■ Task description: Copy out the data that comes next, character for character, and leave the images aside.

■ Given data:
· · · · ·

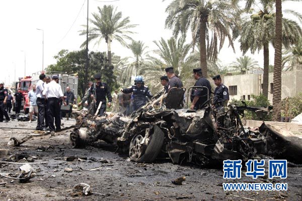 6月20日,在伊拉克首都巴格達,警察在爆炸現場查看。伊拉克官員20日說,首都巴格達當天發生兩起汽車炸彈爆炸襲擊。新華社/法新
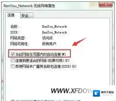 2、在属性中将“当此网络在范围内时自动连接”选项的前边的勾去掉即可
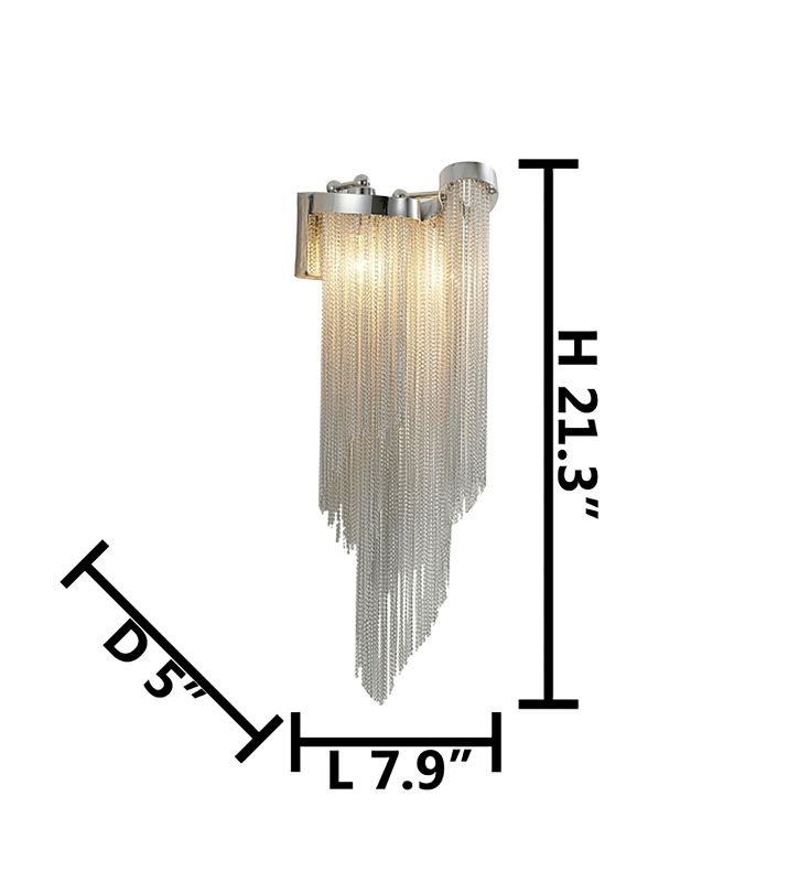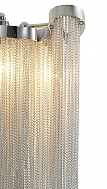 A CHROME FRAME WALL SCONCE WITH ALUMINIUM HANGING CHAINS

· · · · ·

■ Your response:
 6月20日,在伊拉克首都巴格達,警察在爆炸現場查看。伊拉克官員20日說,首都巴格達當天發生兩起汽車炸彈爆炸襲擊。新華社/法新
 2、在属性中将“当此网络在范围内时自动连接”选项的前边的勾去掉即可
 A CHROME FRAME WALL SCONCE WITH ALUMINIUM HANGING CHAINS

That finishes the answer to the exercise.